Presidente faz discurso decisivo, pedindo que franceses não rejeitem a Carta da UE

PARIS - Depois que duas novas pesquisas confirmaram que 55% dos franceses pretendem votar contra a ratificação da Constituição Européia, no referendo de domingo, o presidente da França, Jacques Chirac, foi à televisão ontem à noite, tentar convencer os 20% de eleitores indecisos a apoiar a Carta do bloco. Na mensagem transmitida ao vivo do Palácio Elysée, o político afirmou que um ''não'' francês provocaria ''um período de divisões e dúvidas na Europa, que poderia ver-se limitada unicamente a uma zona de livre comércio''.

- É ilusão acreditar que a Europa seria melhor com outro projeto. Porque não há plano alternativo à Constituição comum - disse.

O objetivo da nova Constituição é dar mais agilidade ao processo decisório na União Européia, que ganhou 10 novos membros no ano passado e agora reúne 25 países. A não-ratificação do Tratado Constitucional obrigaria o bloco a manter as regras criadas em 2000, consideradas inadequadas para o cenário pós-expansão.

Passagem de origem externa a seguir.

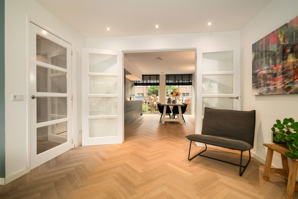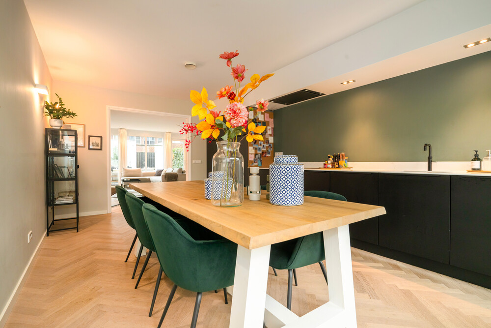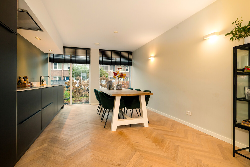 De zeer ruime woon-eetkeuken is aan de voorzijde gesitueerd. De keukenindeling bestaat uit een composiet blad met rvs-spoelbak, een inductiekookplaat waarboven een afzuigkap, een vaatwasser, een koelkast, een vriezer, een heteluchtoven, een magnetron en veel kastruimte.De gehele begane grond vloer is uitgevoerd met licht eiken parket in visgraatpatroon, voorzien van vloerverwarming, de wanden en plafonds zijn voorzien van strak stucwerk. Tussen de ruime woon/leefkeuken en de woonkamer zijn houten en-suite deuren aanwezig. In de plafonds zijn op meerdere plaatsen inbouwspots geplaatst.

Admitindo ainda que questões internas do país - como reformas sociais, educacionais e desemprego - estão influenciando a escolha dos eleitores, Chirac deu um tom mais emocional ao apelo:

- Vocês têm uma parte do destino da França nas mãos. Não se enganem com a pergunta, esqueçam os problemas com este governo. O referendo é sobre o futuro da França e da Europa, o ambiente que queremos para os nossos filhos. É uma responsabilidade histórica que compromete cada um de nós.

A eventual vitória do ''não'' no referendo pode arquivar a Constituição, prejudicar o papel da França no bloco, provocar uma crise de confiança na UE, retardar a integração continental e provocar turbulência financeira. Ontem o mercado já emitia sinal de preocupação: o euro teve uma ligeira

queda em relação ao dólar.

Todas as últimas 11 pesquisas divulgadas na França prevêem a rejeição à Carta. Mesmo assim, os partidários do ''não'' se mantêm firmes na campanha, cujas bases são as queixas à política econômica ''demasiadamente liberal'' do bloco e à entrada na muçulmana Turquia na comunidade.

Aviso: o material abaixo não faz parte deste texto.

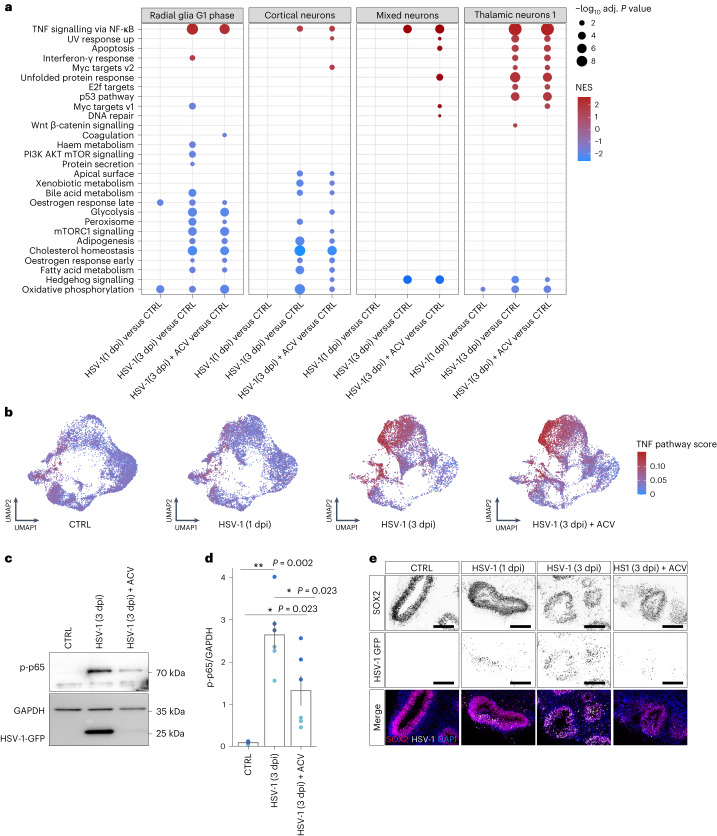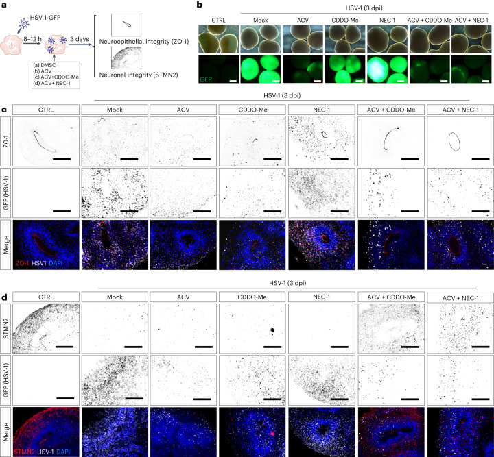 Herpes simplex encephalitis is a life-threatening disease of the central nervous system caused by herpes simplex viruses (HSVs). Following standard of care with antiviral acyclovir treatment, most patients still experience various neurological sequelae. Here we characterize HSV-1 infection of human brain organoids by combining single-cell RNA sequencing, electrophysiology and immunostaining. We observed strong perturbations of tissue integrity, neuronal function and cellular transcriptomes. Under acyclovir treatment viral replication was stopped, but did not prevent HSV-1-driven defects such as damage of neuronal processes and neuroepithelium. Unbiased analysis of pathways deregulated upon infection revealed tumour necrosis factor activation as a potential causal factor. Combination of anti-inflammatory drugs such as necrostatin-1 or bardoxolone methyl with antiviral treatment prevented the damages caused by infection, indicating that tuning the inflammatory response in acute infection may improve current therapeutic strategies.

- Não é a pesquisa que conta. É o voto. Apelo por um comparecimento em massa, para que haja um resultado significativo - pediu o ex-primeiro-ministro socialista Laurent Fabius.

E quanto mais significativa for a parcela do ''não'', maior a crise prevista para o governo. Analistas dão como certa a queda do premier, Jean-Pierre Raffarin, se houver derrota nas urnas. Chirac também sai ferido. Ele pode seguir o exemplo do chanceler alemão, Gerhard Schröder, que convocou eleições nacionais, antecipadas em um ano, após seu partido ser derrotado regionalmente.

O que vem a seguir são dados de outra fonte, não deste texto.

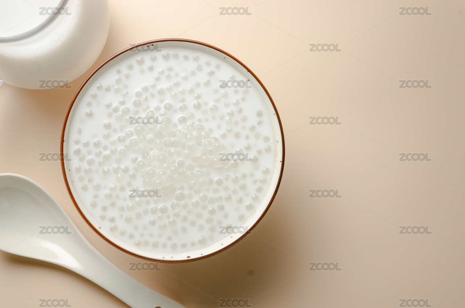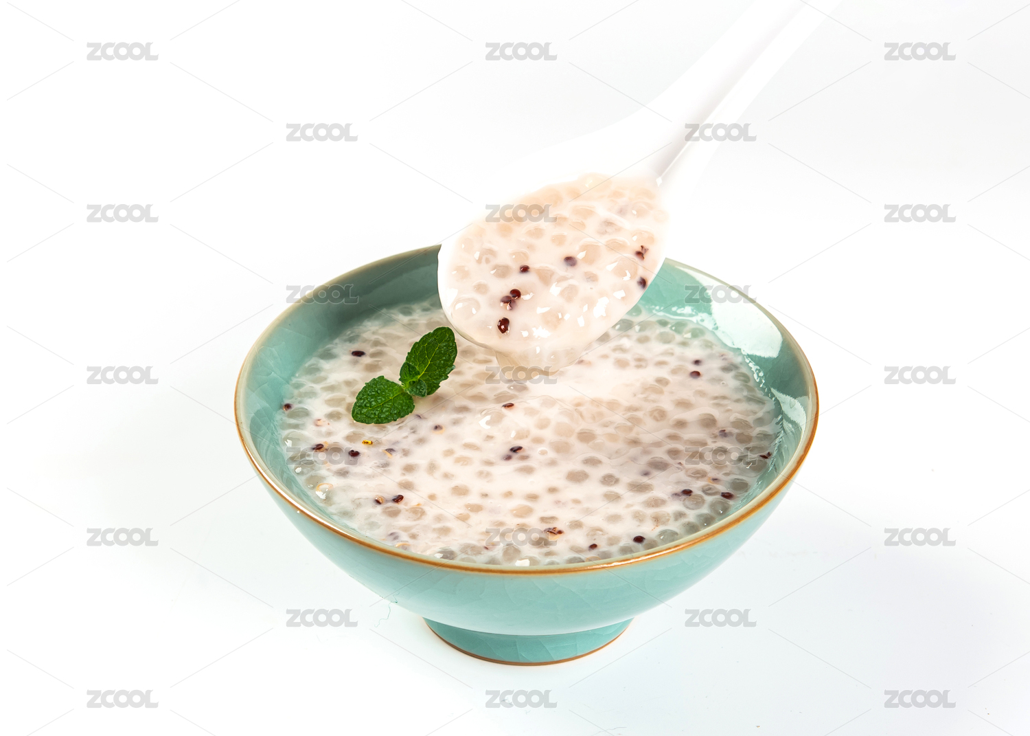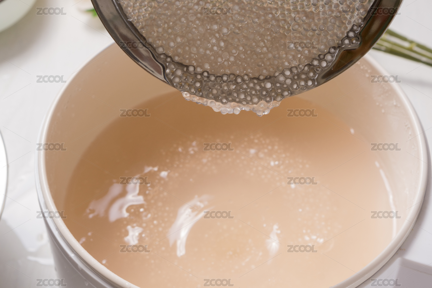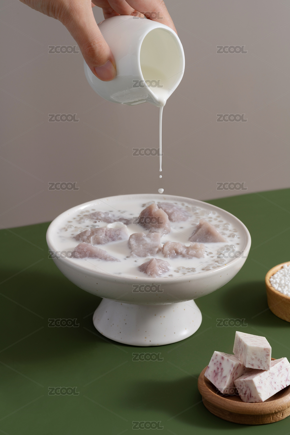 人手拿著奶壺往一碗香芋西米露中倒牛奶

Neste tenso ambiente político, intensificam-se as manobras de remodelação administrativa. Em um comício pelo ''sim'', na noite de quarta-feira, o adversário político de Chirac e líder do partido conservador governante, Nicolas Sarkozy, não hesitou em atacar o ministro do Interior, Dominique de Villepin, considerado o maior adversário de Sarkozy para o cargo de primeiro-ministro.

Enquanto isso, o líder do Partido Socialista (PS), François Hollande, criticava na edição de ontem do Le Monde o ''número 2'' do partido, Fabius.

Mas exatamente a recusa de Hollande de punir os membros do PS que fazem campanha pelo ''não'', contra o pronunciamento majoritário dos militantes, é citada como um dos erros do grupo do ''sim''. Segundo o jornal Libération, em três meses de campanha eles ficaram na defensiva, não souberam construir um ''sim entusiasta, positivo ou construtivo'', nem ''desligar'' o tema europeu do desejo de sanção ao governo, muito menos resistir às acusações contra um texto e uma Europa vistos como liberais.